Mais je ne suis pas malheureux à cause de toi. Je suis malheureux sans
toi. Dans ces dernières pages, le lecteur se demande comment j’ai fait
pour ne pas avoir de soupçons. Est-ce que je ne savais pas pour tes
amants ? Est-ce que je n’ai pas fermé les yeux ? Ils t’ont embrassée. Ils
t’ont possédée. Mais qui t’as le plus embrassée ? Qui t’as le plus
possédée ? Qui t’as connue mais n’a jamais cherché à te comprendre ?
Qui savait que tu n’étais pas faite pour être comprise ? Qui a été le plus
heureux avec toi ? Qui passe ses journées à errer dans ce jardin et à te
parler comme si tu étais encore vivante ? Qui a découvert le premier que
c’est justement parce que tu es morte à la page 420 que tu vas continuer
à vivre même quand il n’y aura plus de pages ? Charbovary.

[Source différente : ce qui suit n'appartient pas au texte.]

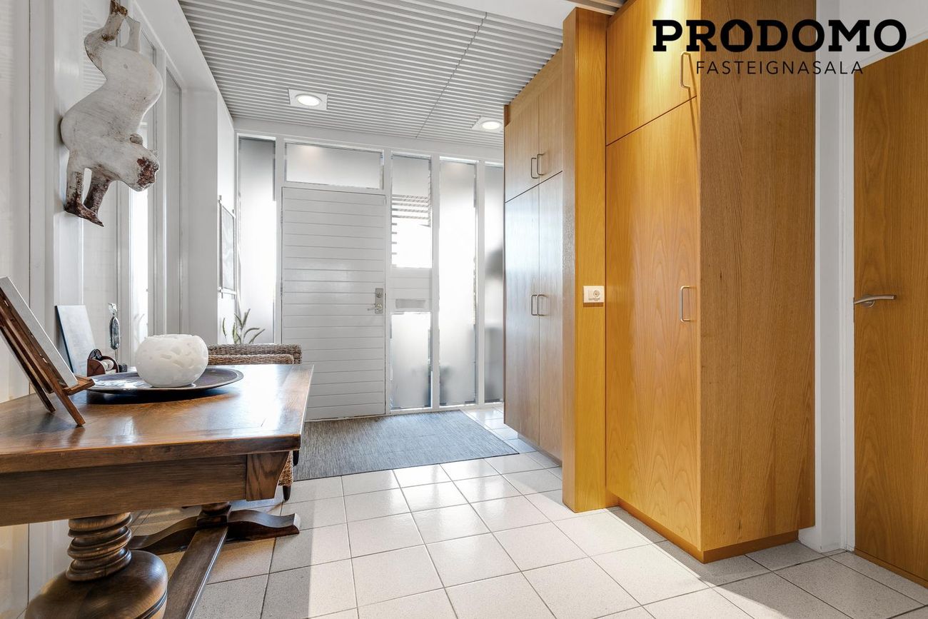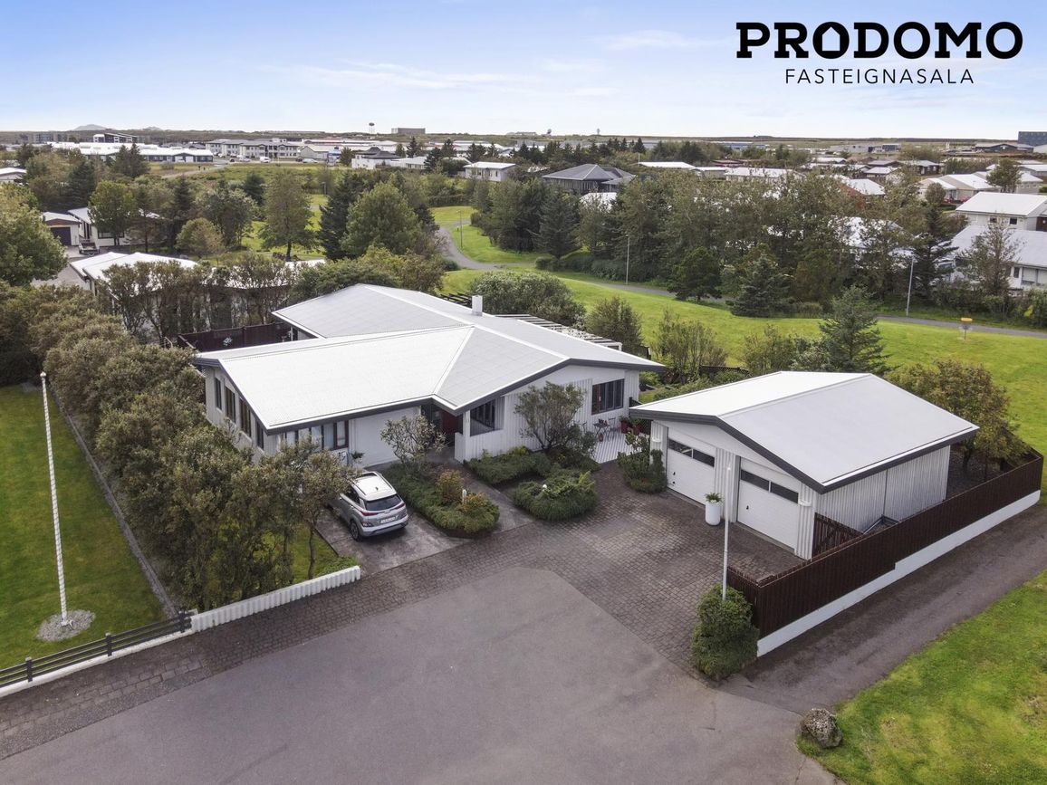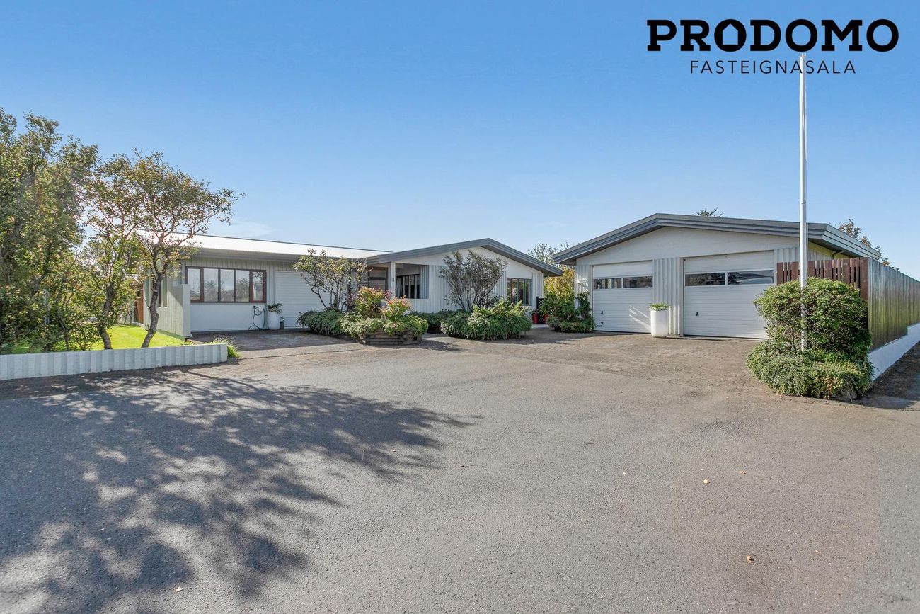 PRODOMO fasteignasala kynnir til sölu virkilega snyrtilegt og vel viðhaldið 304,3 fm einbýlishús til sölu á frábærum stað innst í botnlanga að Miðgarði 11.Um er að ræða flott hús á frábærum stað byggt árið 1974 og tvöfaldur bílskúr byggður 1993. Eignin er 304,3 fm, íbúðarhluti 194,8 fm, bílskúrinn sem er sambyggður húsinu er 53,5 en nýtist með íbúðarhluta og stakstæði bílskúrinn er 56 fm.Nánari lýsing:Forstofa með flísum á gólfi og góðum skápum

Charbovary. Charbovary. Charbovary. Charbovary. Moi. Maintenant je
meurs, à la dernière page du roman. A la fin du livre, ils vont tous mourir.
Tes amants meurent. Le pharmacien et l’usurier meurent. Notre fille
aussi va mourir. L’avocat de la défense meurt. L’avocat de l’accusation
meurt. Flaubert va mourir d’une mort atroce. Et eux, qui sont ici, eux
aussi vont mourir. Tous. On meure tous. Mais toi, la putain d’Emma
Bovary, l’amour de ma vie, tu vas vivre pour toujours. Comme dans les
livres. Tu as gagné. Bon. Maintenant, je vais m’allonger ici, dans notre
jardin et je vais mourir au pied de ce porte-cigares. J’ai vraiment
l’impression d’avoir déjà vu ce porte-cigares.